Propensity score predictor helped our client predict the customers likelihood to purchase a product

Authored by Ameex Technologies on 06 Nov 2019

Client is a leading e-commerce company selling baby nutrition products. They want to leverage the user’s website behavior. 

Current State

  • The client runs various marketing campaigns online and their marketing team would like to have information on their customer profile. 

  • The client can then run targeted marketing campaigns to the selected customer which matches their profile 

Gaps

  • Absence of a proper mechanism to perform customer profiling  

  • Lack of real-time data 

  • Absence of a proper solution to consume the data.

Our Approach

  • Ameex developed a solution which extracted data from Google Big Query and stored in Cloud Storage in a structured manner. The analytical layer consists of the model to generate the propensity score, which indicates the likelihood of a customer to purchase the product. This also gives the flexibility to run targeted campaigns to appropriate groups of customers. 

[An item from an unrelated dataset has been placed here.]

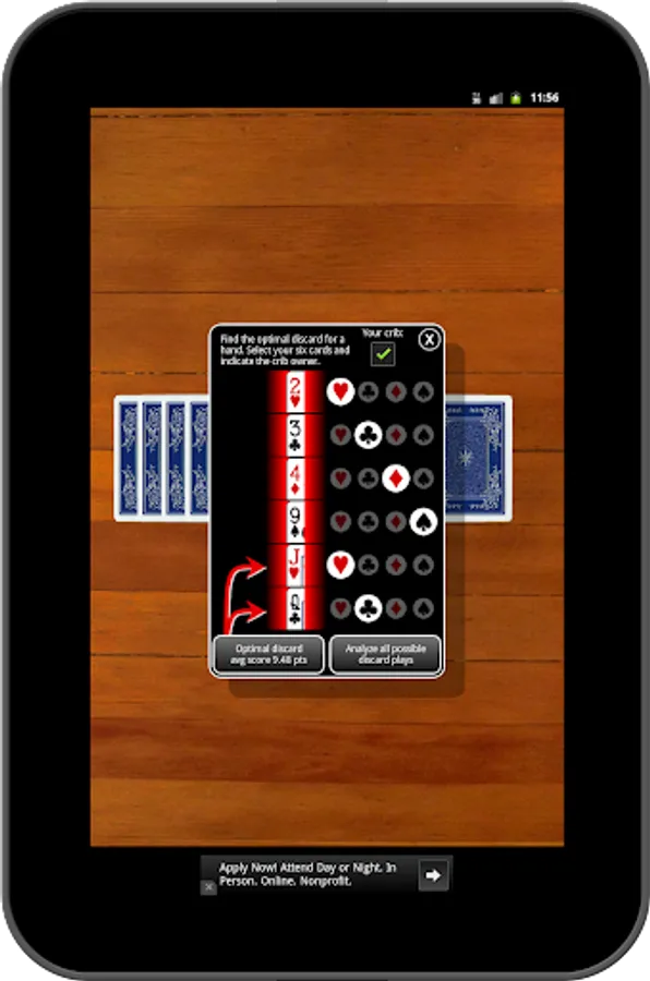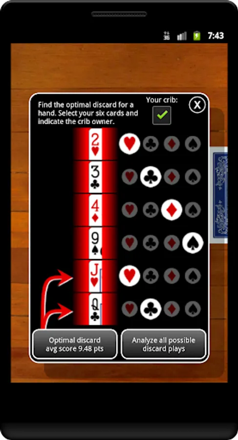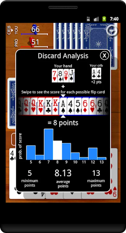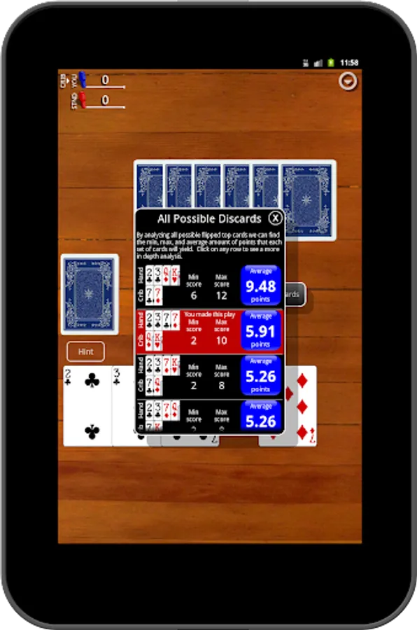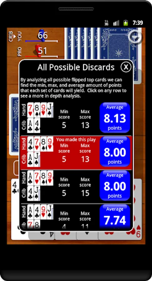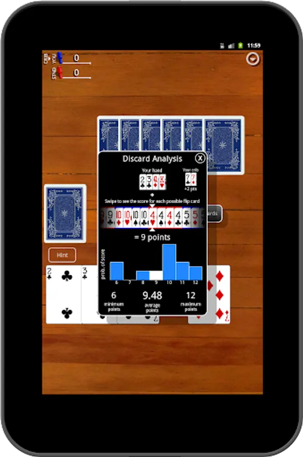 Cribbage Classic also has a "Discard Analyzer" bonus feature that can help you decide on the optimal discard to play given a particular cribbage hand. Analyzer shows you the minimum, maximum, and average score for each permutation along with an in-depth statistical analysis of all possible flip card results.

  • Data from Big Query is fetched and moved to Google Cloud Storage 

  • Dask Parallel processing handles data processing tasks like handling missing values, categorical variables etc… 

  • Last 30 days data was taken and feature engineering was performed on it 

  • Model is developed using LighGBM and trained using Cross-validation to prevent overfitting.                                         

  • Features: This application includes 

  • Option to enter the customer Number and view the propensity score. 

  • Option to view the list of customers within a specific score range 

Business Impact

  • A solution which gives the propensity score and determines the likelihood to purchase a product  

  • An easier consumption mechanism which uses real time data of enrolled and non-enrolled users 

Want to learn more about how we have helped our clients with their analytics journey? let’s connect!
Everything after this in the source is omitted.